My other major problem with the movie the inclusion of many scenes of big things crashing into other big things while people leap like gazelles through the wreckage. This was the sort of stuff that made King Kong tedious. He takes one paragraph from the book in which stone giants are throwing rocks at each other as a game and turns it into a 10 minutes action scene with mountain peaks swaying this way and that. Then it’s “crazy bridges” in Goblin-town, whereas in the book Gandalf simply slays the Great Goblin and all his minions freak the hell out. Don’t get me wrong, I’m all for a good fight scene and some of the bits were cool, but those sorts of scenes are to Peter Jackson what white doves are to John Woo.
All my annoyances came together in the climactic battle.

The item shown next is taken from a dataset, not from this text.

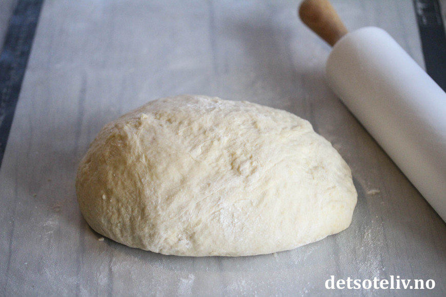 Ja, dette er boller alle vil like! :-) Ikke så nøye, men kjevler ut en leiv som vel er ca. 30 x 40 cm (som en stor langpanne omtrent).

The scene that takes place in a forest in the novel is re-positioned on a crag so now trees can crash into each other until one (populated, of course, by all the protagonists who have just leaped from tree to tree!) hangs over the edge. Azog the already dead arrives to kill Thorin and then we don’t even get the satisfaction of having the mini-villain killed. The whole climax was a lot of sound and fury signifying nothing. At least there were giant eagles though.

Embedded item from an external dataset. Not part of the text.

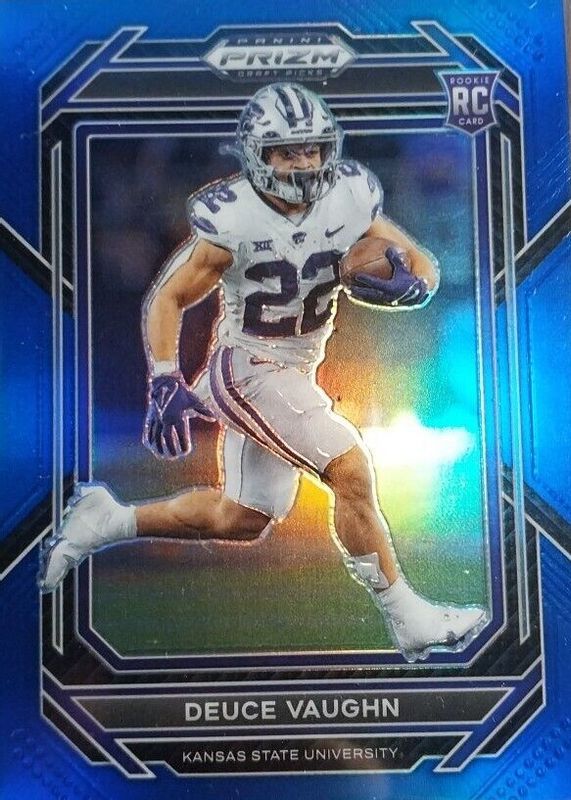 The Deuce Vaughn 2023 Prizm Draft Picks #126 Blue /199 Rookie card in Raw condition has not changed in price in the last 30 days and was last sold for $3.50 .

I suppose this all makes it sound like I hated the film but I didn’t. Much of it was enjoyable and if you are not a lifelong Tolkien nerd like me, you won’t really give a shit whether it’s Azog or Bolg in the Battle of Five Armies. I will say I thought the riddle sequence with Bilbo and Gollum was terrific. And man, Gollum technology has advanced a lot in 10 years. I must note though that Jackson and his writers do in fact make Bilbo a thief. In the novel, he finds the ring by accident while stumbling around in the dark. In the movie, he sees Gollum drop it and then picks it up. This actually gives Gollum a moral leg to stand on, which he certainly did not have in the books.
In the end The Hobbit is a good fantasy film, certainly better than the shit we endured in the 80s. I just think the choice, conscious or not, to pattern it on Fellowship of the Ring was a mistake. Now granted, I haven’t seen parts two and three. Seeing the trilogy in its totality may change my mind. Right now, I can’t see why certain things were done to the story but maybe that’ll be made clearer in the next two.

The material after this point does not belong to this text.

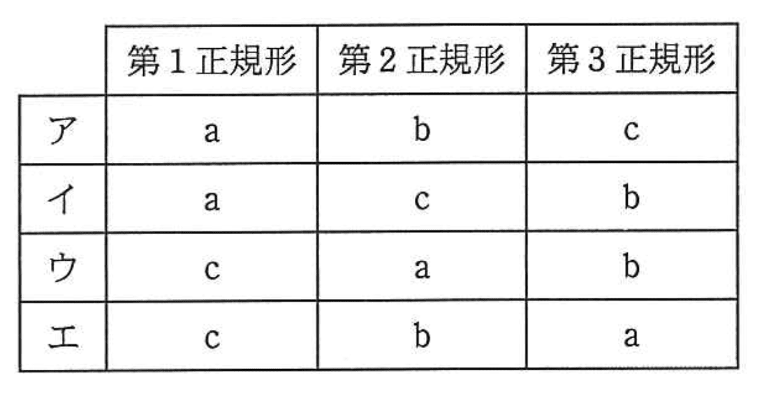 - ウ:正しい組合せであり、第1正規形=c、第2正規形=a、第3正規形=bが正解です。

That’s my basic review. Now I’m just going to toss out a few nitpicks that only the hardcore Tolkien fans will have any interest in. You can stop reading now if you want; I won’t be offended!
- From the moment Balin came I screen I thought he looked too old. This is the dwarf who’s going to lead the Moria expedition decades later. In the novel Thorin is actually older than him. You would not guess that in the film.
- Elrond going on an orc hunting expedition? Sorry, but no. That’s the sort of thing his sons Elladan and Elrohir do.
- Glamdring and Orcrist also glow blue blue when orcs are near but did not in the movie.
- Radagast is not described in great detail by Tolkien, so the film’s depiction of him isn’t wrong per se. The wacky factor was amped way up though.